ACID (Atomicity, Consistency, Isolation, and Durability)

Atomicity
- describes what happens if a client wants to make several writes, but a fault occurs after some of the writes have been processed (gives all-or-nothing guarantee)
  - if the writes are grouped together into an atomic transaction, and the transaction cannot be completed (committed) due to a fault, then the transaction is aborted and the database must discard or undo any writes it has made so far in that transaction.
- Without atomicity, if an error occurs, it’s difficult to know which changes have taken effect and which haven’t.
Consistency
- the idea is that you have certain statements about your data (invariants) that must always be true
- However, this idea of consistency depends on the application’s notion of invariants (This is not something that the database can guarantee)
Isolation
- Most databases are accessed by several clients at the same time, isolation is used to handle concurrency problems (race conditions)
- it means that concurrently executing transactions are isolated from each other: they cannot step on each other’s toes
- In theory textbooks formalize isolation as serializability, which mean transactions happen one by one
- In practice, serializable isolation is rarely used, because it carries a performance penalty
Durability
- ensures that once a transaction has committed successfully, any data it has written will not be forgotten (regardless of failures and crashes).
- In a single-node database, durability typically means that the data has been written to nonvolatile storage such as a hard drive or SSD.
  - It usually has a write-ahead log (or similar) for recovery
- In a replicated database, durability may mean that the data has been successfully copied to some number of nodes.
  - a database must wait until these writes or replications are complete before reporting a transaction as successfully committed
- Replication durability cases:
  - if write to disk and machine dies, data is inaccessible until you fix it, but replicated system remain available
  - If a node crashes on a particular input, all replicas can be down, in memory data will be lost
  - In an asynchronously replicated system, recent writes may be lost when the leader becomes unavailable
  - Hardware disks may not be reliable (SSD due to power cut, firmware issues, etc)
  - File maybe corrupted after a crash due to software (file system, storage engine, etc) bugs

Isolation

Weak Isolation

Read Committed:
- Two guarantees
  1. No dirty reads: When reading from the database, you will only see data that has been committed.
    - dirty reads: read uncommitted data from other transaction
  2. No dirty writes: When writing to the database, you will only overwrite data that has been committed.
    - dirty writes: later write overwrites an (earlier) uncommitted value
- Implementation
  - Row level locks (to prevent dirty write):
    - acquire a lock on the project (when updating), hold lock until transaction is committed or aborted.
    - Only one transaction can hold a lock for any given object, others must wait
  - To prevent dirty read:
    - only see the old value (not the new value that is being committing to database)
    - Only when the new value is committed do transactions switch over to reading the new value.
  - Typically read committed uses a separate snapshot for each query
read skew (nonrepeatable read)
- when two transactions are processing into different database, one can read the database in an inconsistent state.

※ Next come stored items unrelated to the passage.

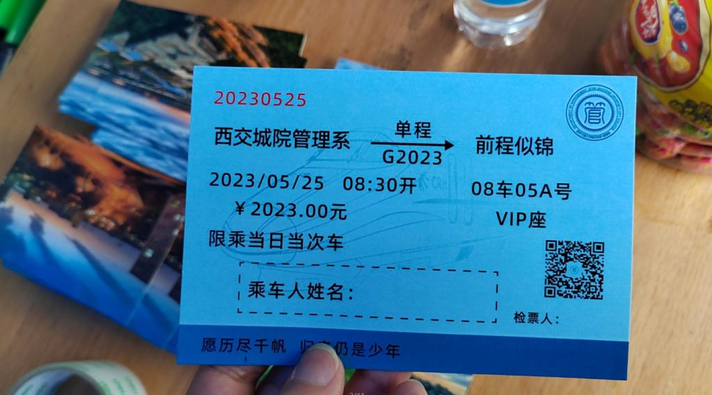 毕业生即将以崭新的面貌迎接未来的挑战和机遇,投入到新的环境中,为了让毕业生感受到母校的关怀,管理系为2023届毕业生送上了“通向未来的车票”。车票正面印着城市学院美丽的景色,背面则是同学们即将开启新旅程的车票信息。
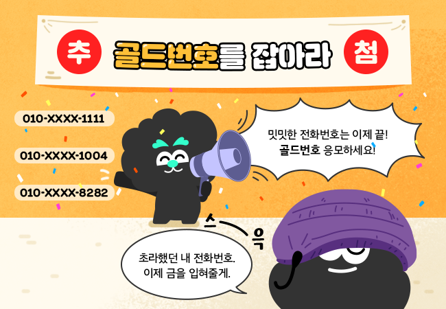 사원님들의 전화번호 뒷자리는 뭔가요? 가족 모두가 쓰는 공용 번호? 아니면 대리점이 점찍어 준 번호? 그것도 아니면 한때 덕질했던 연예인의 생일? 갑자기 왜 소중한 개인 정보를 캐묻냐고요?😨 혹시 사원님의 전화번호가 ‘골드번호’인가 해서요~!😁
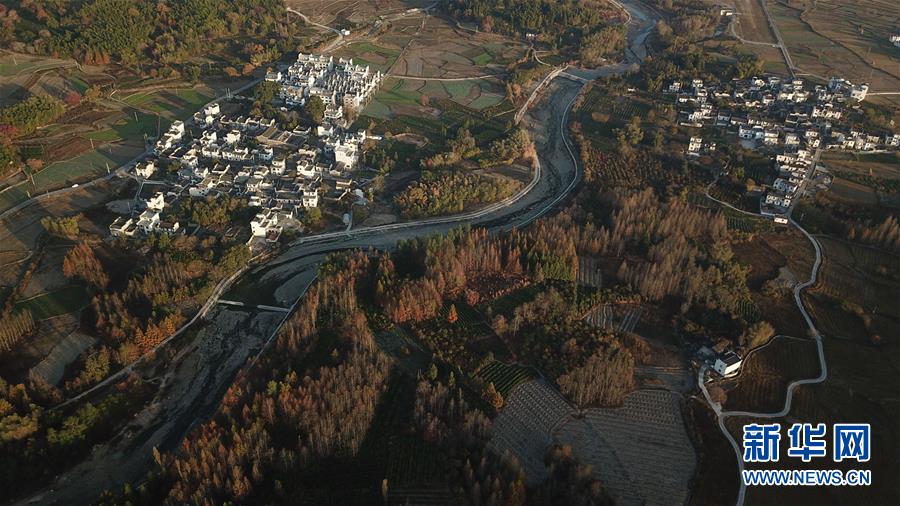 这是11月14日无人机拍摄的安徽黟县塔川风景区。新华社记者张端摄
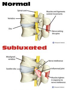 A vertebral subluxation is defined as: a misalignment of one or more of the vertebrae in the spinal column, which causes alteration of nerve functions and interference to the transmission of mental impulses, resulting in a lessening of the body’s innate ability to express its maximum health potential. Also referred to as spinal nerve interference.
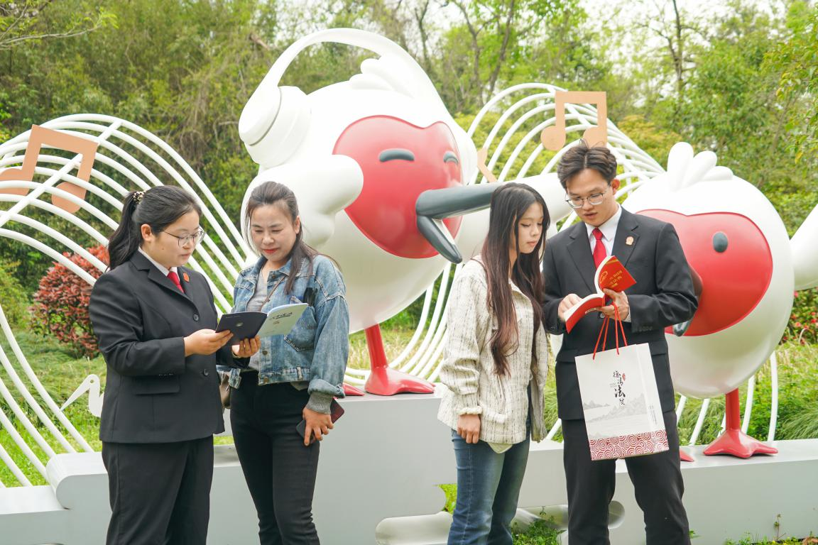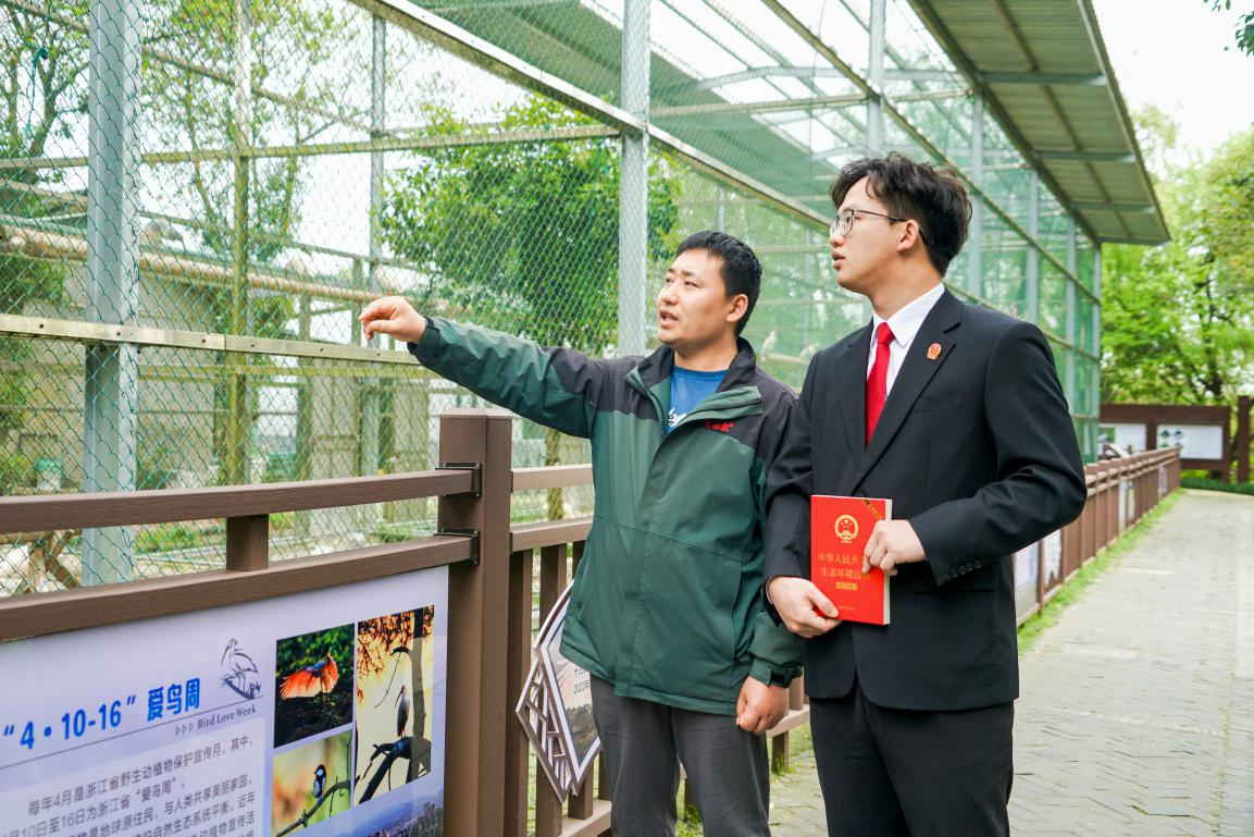 浙江省“愛鳥周”來臨之際,浙江省德清縣人民法院干警走進(jìn)下渚湖濕地公園開展生態(tài)環(huán)境法典普法宣傳活動?;顒又?,干警來到朱鹮保護(hù)基地,向工作人員了解國家一級保護(hù)動物朱鹮的棲息地與繁育情況。同時,圍繞生態(tài)環(huán)境法典中鳥類保護(hù)的相關(guān)規(guī)定,向游客解讀法律條文,講解鳥類保護(hù)法律知識,旨在提升公眾生態(tài)法治意識,護(hù)航鳥類家園。
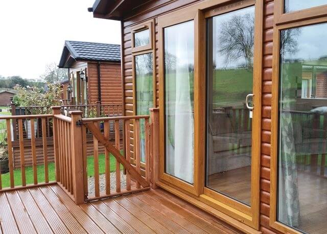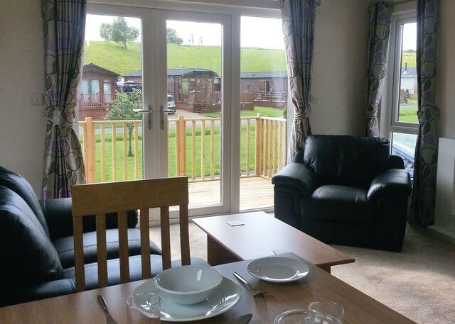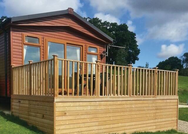 This lodge is slightly larger than the other two and has a very modern feel to its interior. The open living space is cleverly laid out into three separate areas: fully-fitted kitchen, dining suite and lounge. The double bedroom has an en-suite shower room and there is a second twin room. Outside, the decked leisure space enjoys views over the surrounding park and beyond to the Yorkshire scenery.
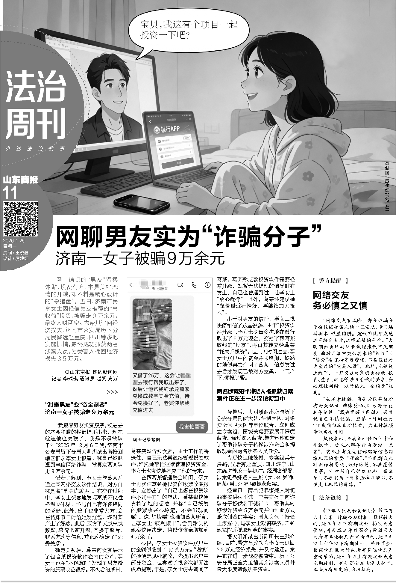 网上结识的“男友”温柔体贴、投资有方,本是美好恋情的开端,却不料是精心设计的“杀猪盘”。近日,济南市民李女士因轻信男友推荐的“高收益”投资,被骗走9万余元,最终人财两空。为帮其追回经济损失,济南市公安局历下分局民警远赴重庆、四川等多地实施抓捕,最终成功抓获两名涉案人员,为受害人挽回经济损失3.5万元。
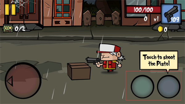 3、点击右侧的射击按钮使用Pistol开火,完成射击操作的练习,为对抗即将出现的僵尸做战斗准备。
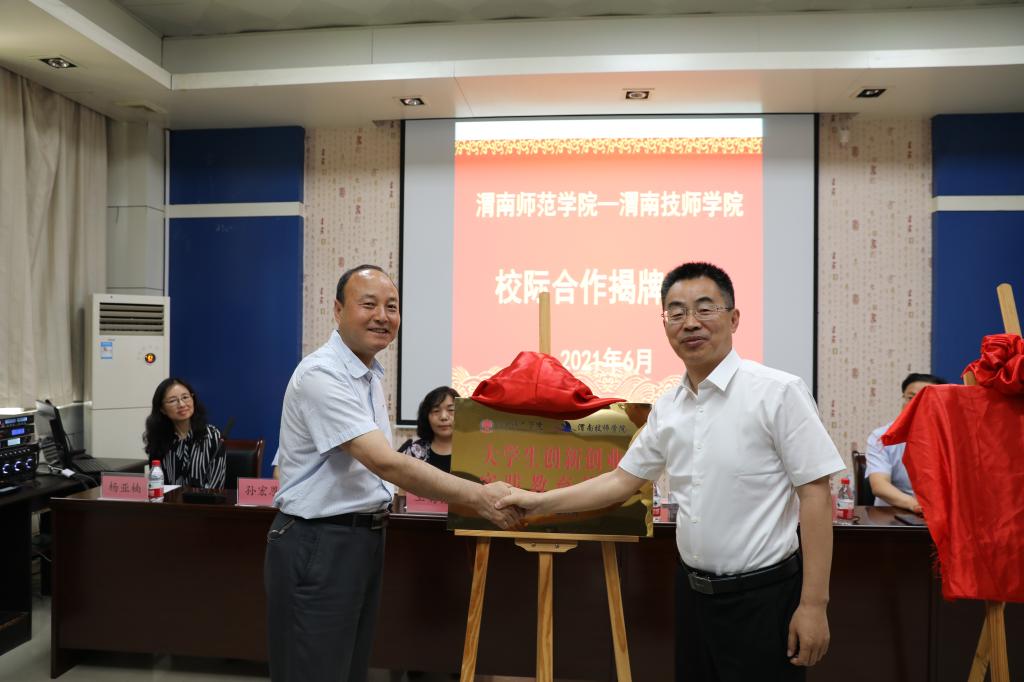 6月2日上午,“588888纽约国际线路-渭南技师学院大学生创新创业实践教育基地”和“588888纽约国际线路大学生职业技能培训基地”落成揭牌仪式在渭南技师学院举行。纽约国际官网校长赵曼、副校长王菊霞,渭南技师学院院长张君升,渭南技师学院副院长雷力斌出席揭牌仪式。
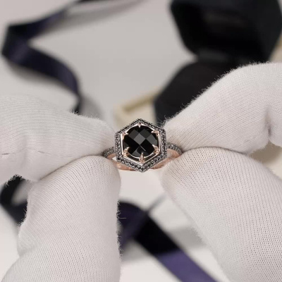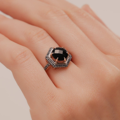 Кольцо с 56 бриллиантами черными природными облагороженными, 0.14 карат, огранка круг 57 граней, цвет 7, чистота 6, тип огранки А; 1 агатом черным природным, огранка круг чекер; Розовое золото 585 пробы.

But once the transaction is complete, the values will be consistent
- Read skew is considered acceptable under read committed isolation
- this may be a problem for database backups or Analytic queries and integrity checks
Snapshot isolation is the most common solution to read skew
- Transaction sees all the data that was committed in the database at the start of transaction
- each transaction sees only the old data from that particular point in time
- Implementation: multiversion concurrency control (MVCC)
  - From a performance point of view, a key principle of snapshot isolation is readers never block writers, and writers never block readers
  - database must potentially keep several different committed versions of an object
  - Typically snapshot isolation uses the same snapshot for an entire transaction
- readers never block writers, and writers never block readers
MVCC implementation (for postgres)
- When a transaction is started, it is given a unique, always-increasing transaction ID (txid).
- Whenever a transaction writes anything to the database, the data it writes is tagged with the transaction ID of the writer.
- Each row in a table has a created_by field, containing the ID of the transaction that inserted this row into the table
- each row has a deleted_by field (initially empty)
- If a transaction deletes a row, row is soft deleted by marking the deleted_by field to the ID of the transaction that requested the deletion (row is not deleted from database)
- when it is certain that no transaction can any longer access the deleted data, a garbage collection process in the database removes the soft deleted rows
- An update is internally translated into a delete and a create.
- transaction IDs are used to decide which objects it can see and which are invisible for reads. Visibility rules for both creation and deletion:
  - At the time when the reader’s transaction started, the transaction that created the object had already committed
  - The object is not marked for deletion, or if it is, the transaction that requested deletion had not yet committed at the time when the reader’s transaction started.
- By never updating values in place but instead creating a new version every time a value is changed, the database can provide a consistent snapshot while incurring only a small overhead.
- Database index point to all versions of an object and filter out those invisible ones
To prevent Lost update (in a read-modify-write cycle): when two transactions do this concurrently, one of the modifications can be lost
- Atomic update operations: taking an exclusive lock on the object when it is read so that no other transaction can read it until the update has been applied (cursor stability).
- Explicit locking: explicitly lock objects that are going to be updated
- Automatically detecting lost updates: allow transactions to execute in parallel, abort transaction and force it to retry if lost updated is detected
- Compare-and-set: allow an update to happen only if the value has not changed since you last read it. If it changes, force retry.
- For replicated databases: allow concurrent writes to create several conflicting versions of a value (also known as siblings), and to use application code or special data structures to resolve and merge these versions after the fact.
Write Skew: if two transactions read the same objects, and then update some of those objects (different transactions may update different objects), then dirty write or lost update may happen
- Solution: explicitly lock the rows that the transaction depends on
  - Lock the row for update
  - Unique constraint for create
phantom: a write in one transaction changes the result of a search query in another transaction (i.e. objects that do not yet exist in the database, but which might be added in the future)
- A serializable isolation level is much preferable in most cases
- materializing conflicts (last resort if no alternative is possible): it takes a phantom and turns it into a lock conflict on a concrete set of rows that exist in the database (i.e. pre-create all the rows for different combinations in database, and new inquires becomes checking the existing rows rather than create them)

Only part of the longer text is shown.